We have a freezer full of lard. Is there a soap that can be made with just lard? I know it is a much softer fat. 

Becca


----------



## linn (Jul 19, 2005)

Yes, it is possible to make an all lard soap, but it might not have much cleansing power. Why not pick up a small package of coconut oil at Walmart and use that as at least 20% of your fats and the lard as 80%. It will improve the bubbles and cleaning power of your soap. I use SoapCalc lye calculator to figure my ingredients.

SoapCalc


----------



## RebeccaB (Sep 14, 2006)

Thanks Linn! What kind of soap would I make then. Would it be bar soap? I've never made soap before, but I do have a friend who does that I can learn from.


----------



## PaulNKS (Jan 11, 2009)

Traditionally, lye soap was just lye, water, and lard or tallow.

I keep seeing that a lard soap has no cleansing power, but I disagree. The soap I usually make is just lard and it does a good job cleaning. I grate it for dish soap, laundry soap, and use the bars in the shower. It also takes grease off your hands easily.

Even soft lard will make a hard soap. Don't be afraid of it. .... like I said, that was the traditional way of making soap on the old homesteads.


----------



## RebeccaB (Sep 14, 2006)

Okay. I think I might give it a try. I checked out the soap calculator - very nice! The one thing I don't know though is how much soap I will have in the end. How many ounces of lard would one batch be, and about how much soap would that yield? 

Thanks so much!!


----------



## linn (Jul 19, 2005)

Add the total weight of your fats, oils, water and lye and that should give you an approximate weight for the finished product. Your soap will probably lose about 10% of the weight as it cures because of the evaporation of water.


----------



## KyMama (Jun 15, 2011)

RebeccaB said:


> Okay. I think I might give it a try. I checked out the soap calculator - very nice!
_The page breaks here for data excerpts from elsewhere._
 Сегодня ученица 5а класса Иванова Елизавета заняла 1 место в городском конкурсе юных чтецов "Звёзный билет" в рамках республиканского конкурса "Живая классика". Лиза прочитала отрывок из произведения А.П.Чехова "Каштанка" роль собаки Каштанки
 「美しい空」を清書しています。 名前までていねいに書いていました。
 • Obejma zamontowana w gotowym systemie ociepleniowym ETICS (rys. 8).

The one thing I don't know though is how much soap I will have in the end. How many ounces of lard would one batch be, and about how much soap would that yield?
> 
> Thanks so much!!


That was my big question too. If you go to this thread and read post #21 you will see the recipe that Cyndi gave to me. I was using a 5 lb Velveeta box as my mold, it's dimensions are 3Â½ high x 3Â½ wide x 12Â½ long and this recipe fits perfectly. My DH made me a wooden mold because my box is just about at the end of it's life.

HTH

ETA: Forgot to tell you how much I enjoy this basic soap, as does everyone that I have given bars to. My mom likes it so much that I've been making batches just for her, I swear she takes baths just to use the soap. LOL


----------



## MullersLaneFarm (Jul 23, 2004)

Callie,
I'm so glad you found that thread from last year so I don't have to re-post the recipe.

Lard, on its own, makes a wonderful soap that has stood the test of time. If you want to add an essential or fragrance oil, I'd recommend between 1.0 - 1.5 oz for the recipe in the thread that Callie posted.
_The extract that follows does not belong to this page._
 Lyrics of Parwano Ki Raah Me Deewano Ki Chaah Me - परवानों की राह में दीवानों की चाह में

Lard makes a rock hard bar of soap, and when left to sit for 6-8 weeks, will last forever and lather quite well.

Look up my soapmaking page for a pictorial on how to make soap.


----------



## Charleen (May 12, 2002)

I sell many bars of "Old Fashioned Lye" soap made with lye, water, our own rendered lard, and orange EO. I market this as a Stain Stick and paired with a stiff brush, it's a great seller for the laundry room. Several customaers have told me how well this gets food stains out of their clothes. LOVE LARD!


----------